I have, btw, just finished reading “the phoenix project”. Brilliant book! Having lived through pretty much that story a couple of times, the solution is just that simple. Not easy, but simple.

Been around a while, at several big companies, I know most of them will do RPA (they are of course the ones having a blockchain project plodding along), but only a few will go down the “software company” route. It’s kind of tragic.



Because they can’t go straight from A to B, because there are so many audited processes that are tightly coupled to A. So they replace A with B one step at a time, and keep A in sync with B using RPA. When the whole of A is replaced, you turn it off along with the RPA.

The problem comes when RPA stops being a short-term tactic, and starts being a long-term cottage industry. Unfortunately, RPA vendors have a vested interest in keeping A around as long as possible in order to maintain the necessity of their solution.


Well, they can’t because they usually don’t really try. Most likely they have outsourced years ago and lost a lot of competency along the way. They have invested heavily on in really crappy software and solving this with something like RPA seems to me like introducing a ginormous footgun/perpetual roadblock. That RPA is not going anywhere soon... Or will it be replaced by the billion dollar, just a bit late, “phoenix project”? The ONE platform that promises speed and agility? That one? :)

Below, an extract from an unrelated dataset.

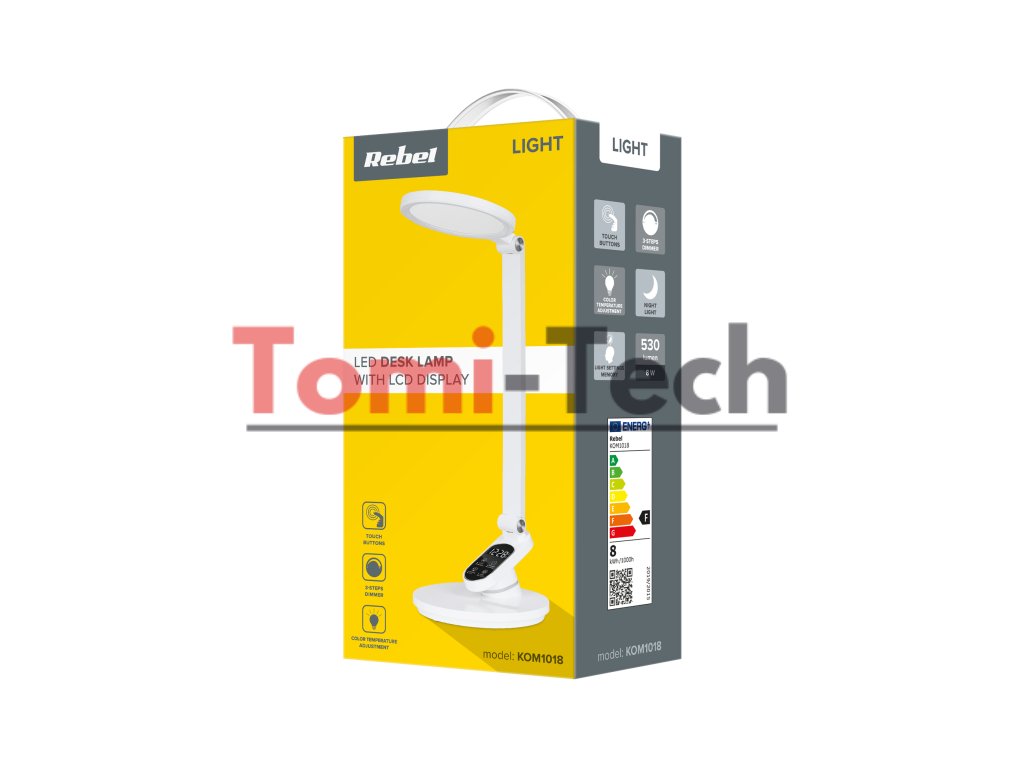 Stolná lampa Rebel KOM1018 s displejom je moderné zariadenie, ktoré kombinuje funkčnosť a estetiku a vytvára príjemnú atmosféru v detskej izbe. Bude perfektne fungovať na stole alebo nočnom stolíku a osvetlí priestor pri štúdiu alebo čítaní.

There is a competition between RPA and automation by Python ongoing in my workplace. We are low on devs and high on buzzword-susceptible non-technical managers. The argument that it is a lot smarter to hire a few more devs that would add a lot more value to the company, especially given that we have already made significant inroads in 'proper' automation, than pay for a proprietary tool that is essentially an overhyped Selenium browser falls on deaf ears, since learning is hard and klickety klick is simple and easy to outsource. So it goes.


I’m sorry to hear.

The RPA abstraction just seem so fragile and unflexible. I _had_ to build “rpa” like solutions to problems in the late 90s using tools like scriptit, and later vbscript. Crap software have no APIs...

I guess, it’s the same type of companies, still with the same type of software.